The airline claims that each notice would not necessarily mean a furlough for that employee and the final numbers will depend on the travel demand, financial status, and the number of employees willing to take voluntary leave packages.
While many airlines have warned about job cuts as a result of the pandemic, United is one of the first major carriers to announce them on this large of a scale. Due to the CARES Act and its regulations, layoffs can’t start until Oct. 1. According to federal labor laws, employees of companies facing mass furloughs must be given at least a 60-day notice.
This announcement comes days after United Announced a significantly increased flying schedule for the month of August. However, since then the Chicago-based carrier has already cut some capacity in August.
Of the employees that could be affected nearly 15,000 are flight attendants and 11,000 are customer service and gate agents. The rest of the 36,000 employees include technical operations, contact workers, catering workers and network operations. Over 2,000 pilots could also be included.
Sara Nelson, president of the Association of Flight Attendants-CWA (AFA) said that the furlough numbers “are the most honest assessment we’ve seen on the state of the industry.” The Association of Flight Attendants is a union group that represents flight attendants for numerous airlines, including United.

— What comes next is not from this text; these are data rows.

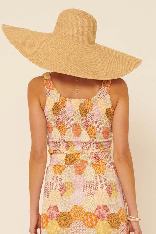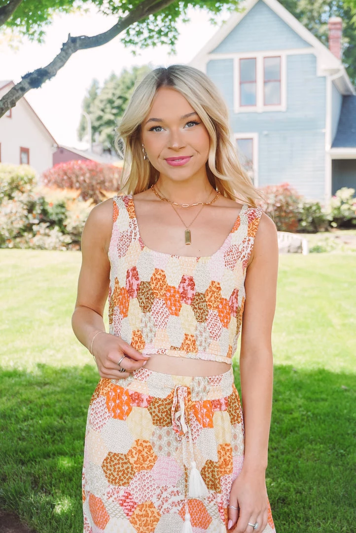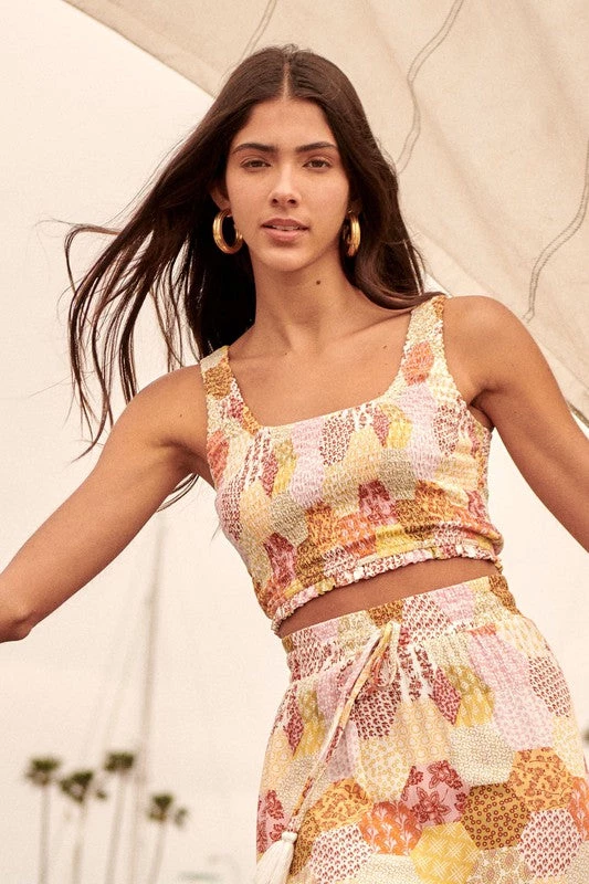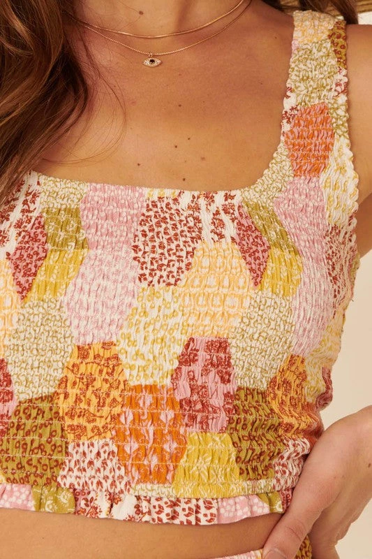 We love this colorful patchwork tank! The Trend Setter Tank features a scoop neckline, sleeveless style, smocked design throughout, cropped length, ruffled hem, and a fitted silhouette. Pair with the ‘Set A Trend Skirt’ for a matching set!
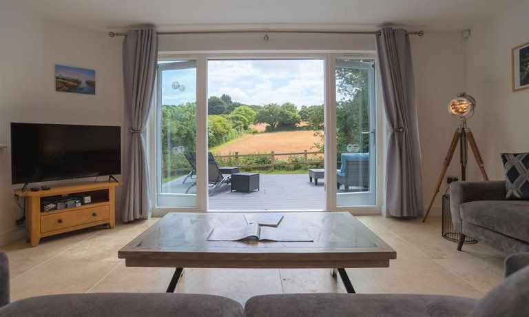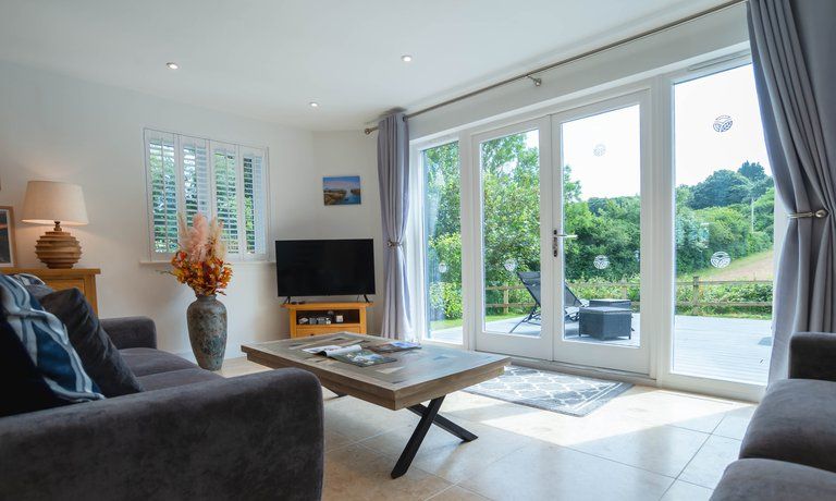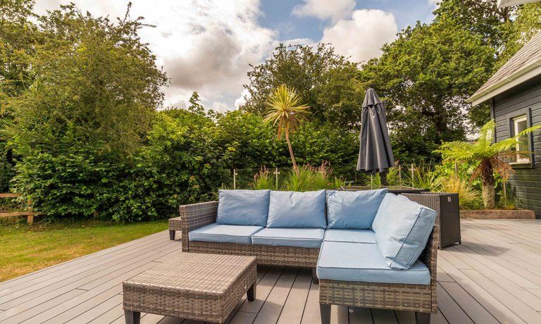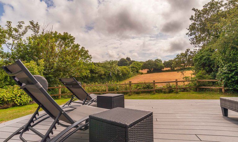 Outside: The Villa has a private deck with seating and landscaped gardens. Guests can roam Trewhiddle Villages' 120 acres which include woodland walks and a children's play area.
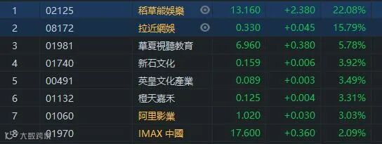 稻草熊娱乐集团发布2020年度业绩公告,截至同年12月31日,经调整后的净利润约为人民币1.309亿元,同比上涨100.1%。分析人士认为,随着影视市场的持续回暖,未来稻草熊娱乐的业绩增长将更加值得期待。稻草熊娱乐(02125)暴升22.08%,收市报13.16元。其他影视娱乐股普涨,拉近网娱(08172)升超过15%,阿里影业(01060)也有3.03%的升幅。
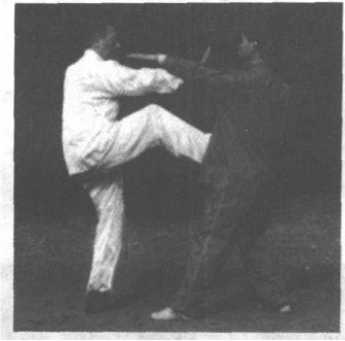3、甲右手旋入乙左臂内侧,掌向里翻,发劲;同时,起右 脚,蹬或踢乙腹部° (图12796)
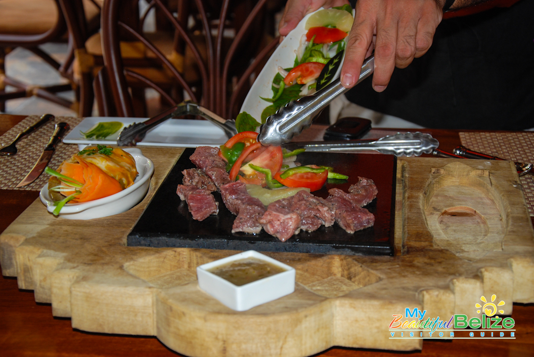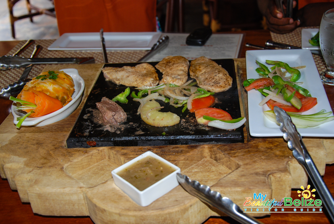The next dish was the long anticipated Steak on a Stone. Jorge brought over a huge wooden tray with a smoking hot stone on the center. Thin strips of Belizean steak and chopped veggies were offered on the side for us to grill to our likeness.

Nelson also stated that the numbers were a “gut punch” and that AFA would continue to work to find voluntary options to “help mitigate furloughs”.
United has already offered numerous voluntary leave programs over the course of the pandemic with over 26,000 employees taking advantage. These voluntary leave programs range from short-term leaves to long-term packages such as early retirement.
The U.S. Treasury Department announced that all of the major airlines in the United States applied for new loans from the CARES Act that were made available this week. While airlines across the country have received $25 billion already, these new loans could total about the same amount.
According to the Washington Post, an employee memo stated, “The reality is that United simply cannot continue at our current payroll level past October 1 in an environment where travel demand is so depressed.”
United Airlines is still struggling with significant cash burn at about $40 million per day.
Like most airlines, United’s New York area hub in Newark, New Jersey has seen the most drastic losses due to COVID-19. With business travel numbers being significantly lower than normal times, Newark books in the near-term are at just 16% of what they were last year.